China has denied involvement in the Office of Personnel Management (OPM) hack that compromised over 14 million US government workers' details.
Foreign ministry spokesperson Lu Kang denied during a press conference US accusations that the attack was mounted by state-sponsored Chinese hackers.
"In response to what Senator Harry Reid said, I want to point out that what the international community has heard and seen the most over recent years are revelations about the engagement of the US in a large amount of illegal cyber activities," he said.
"Relevant people from the US should not forget that the US still owes the international community an explanation on issues concerning cyber attack and theft. It is impossible to muddle through by diverting people's attention.
"Maybe it is better to clarify one's own matters before rushing to make unfounded accusations against others, so as to make oneself sound more convincing."
Lu's comments refer to ongoing questions about the US PRISM mass surveillence campaign.
The White House revealed earlier in June that OPM systems had been hit with a major cyber assault affecting as many as 14 million staff.
The intrusion that led to the loss occurred in April this year, and the OPM has already pulled in the FBI and the US Department of Homeland Security's Computer Emergency Readiness Team (US-CERT) to investigate the incident.
The OPM has promised to advise the affected four million of the issue and to offer advice on not falling foul of any resulting exploit efforts. It is also recommending that victims get a credit report and keep an eye on their identity.
Other advice, such as a recommendation that individuals do not open suspicious mail from unknown parties, is also provided.
"Protecting our Federal employee data from malicious cyber incidents is of the highest priority at OPM," said OPM director Katherine Archuleta.
"We take very seriously our responsibility to secure the information stored in our systems, and in coordination with our agency partners, our experienced team is constantly identifying opportunities to further protect the data with which we are entrusted."
Politicans have criticised the government department for the latest data loss incident.
The last few months have seen a series of massive data breaches that have affected millions of Americans. #DataBreach— Adam Schiff (@RepAdamSchiff) June 4, 2015
The latest breach, which has exposed personal information of more than 4 million current & former federal employees is among most shocking.— Adam Schiff (@RepAdamSchiff) June 4, 2015
Security experts believe the attack came from China and is another sign of that country's habit of hacking the US.
"[This is] yet another indication of a foreign power probing successfully and focusing on what appears to be data that would identify people with security clearances," said Susan Collins, a member of the Senate Intelligence Committee.
Adam Schiff, a member of the of the House intelligence committee, suggested that enough is enough and that the US desperately needs to improve its security provisions and protection.

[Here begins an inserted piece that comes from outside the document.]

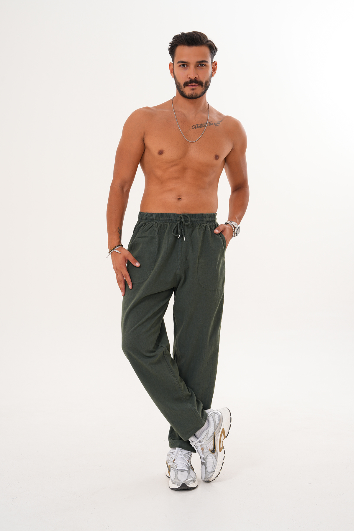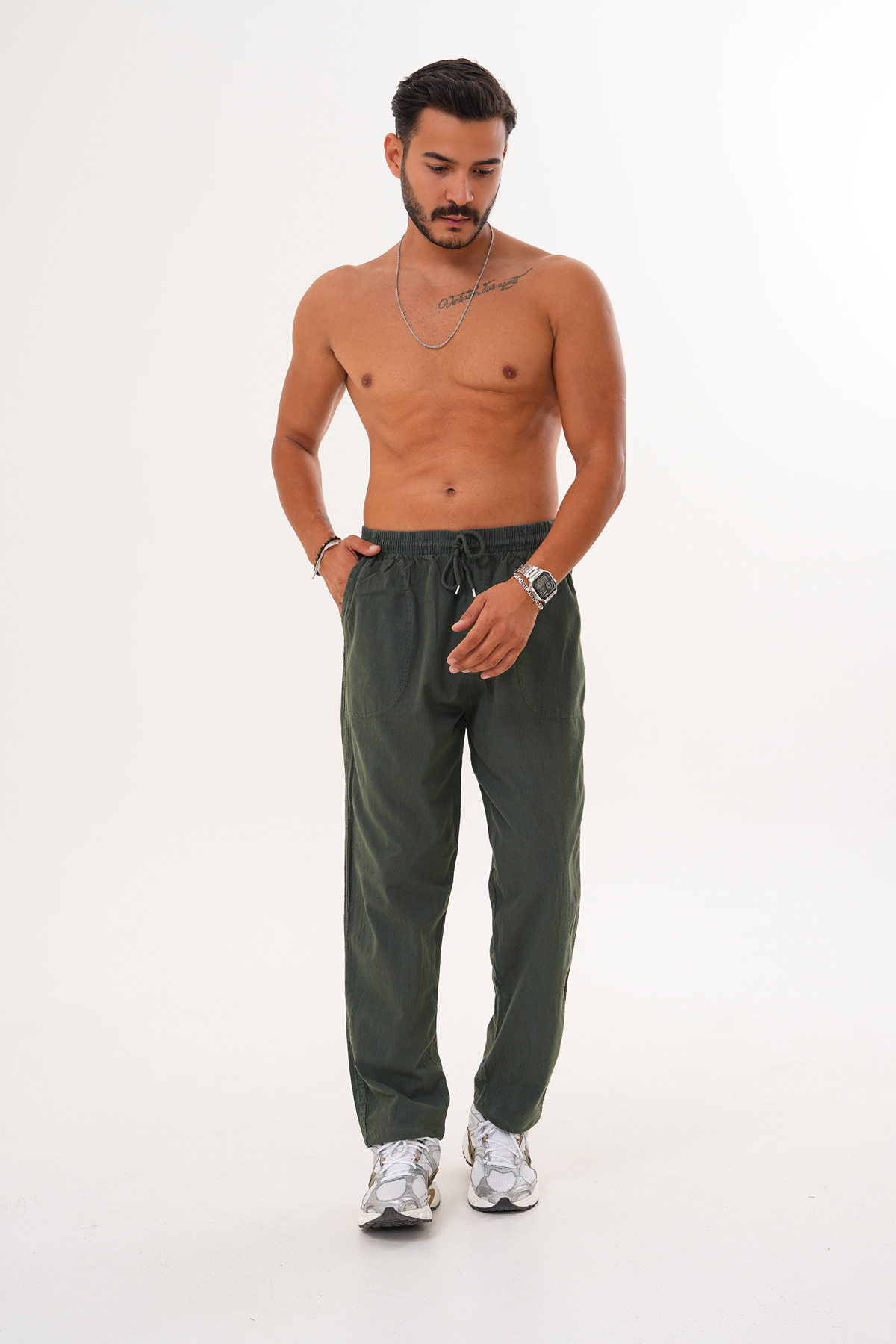 Haki Erkek Pamuk Keten Karışımlı Rahat Kalıp Pantolon Haki Erkek Pamuk Keten Karışımlı Rahat Kalıp Pantolon BBB-DAP1 3XL

"It's clear a substantial improvement in our cyber databases and defenses is perilously overdue," he tweeted.
The FBI has also confirmed it is looking into the details of the breach. "We take all potential threats to public and private sector systems seriously and will continue to investigate and hold accountable those who pose a threat in cyberspace.”
Grayson Milbourne, security intelligence director at Webroot, said that while details were still coming to light, it was clear the nature of the attack meant it was a nation-state backed incident.
“Until we can understand what level of data access was achieved, we won’t know the full impact. But, based on the characteristics of the attack, it’s likely the perpetrator was a nation-state," he said.
"Clearly, the government’s approach to cybersecurity needs to be reformed, prioritised and accelerated. That the breach might have been carried out by the Chinese does not absolve the OPM of blame.